## Data to process
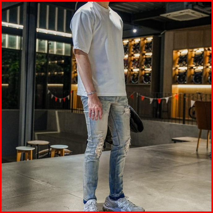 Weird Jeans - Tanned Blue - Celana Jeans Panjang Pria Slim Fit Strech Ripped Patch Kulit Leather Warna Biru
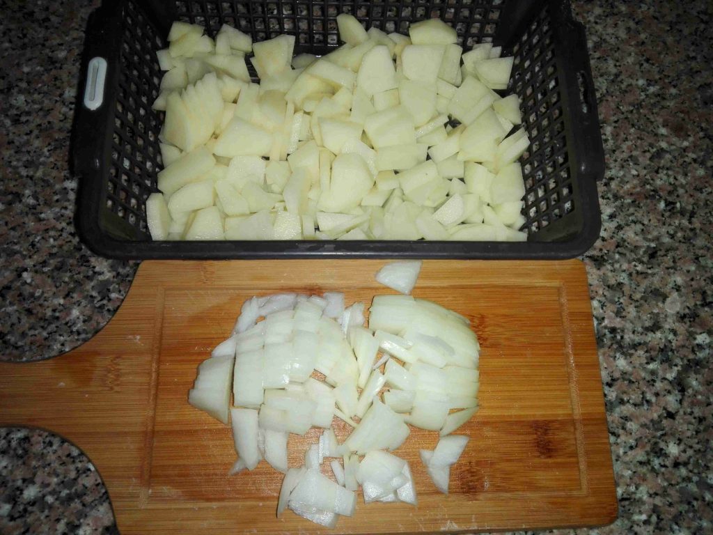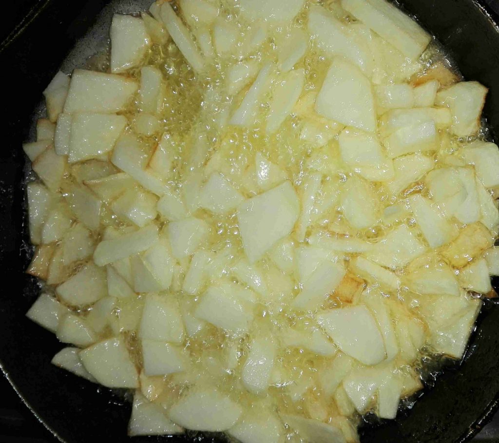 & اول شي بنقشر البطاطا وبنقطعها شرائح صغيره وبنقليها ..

--

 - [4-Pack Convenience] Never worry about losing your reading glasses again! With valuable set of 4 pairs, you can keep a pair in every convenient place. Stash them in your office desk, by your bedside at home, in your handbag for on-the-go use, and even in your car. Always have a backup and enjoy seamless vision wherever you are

## What you need to do
Pictures excluded, reproduce only the part above that opens with the line holding "Weird Jeans - Tanned" and closes with the line holding "صغيره وبنقليها ..", exactly as written.

## Answer below
 Weird Jeans - Tanned Blue - Celana Jeans Panjang Pria Slim Fit Strech Ripped Patch Kulit Leather Warna Biru
 & اول شي بنقشر البطاطا وبنقطعها شرائح صغيره وبنقليها ..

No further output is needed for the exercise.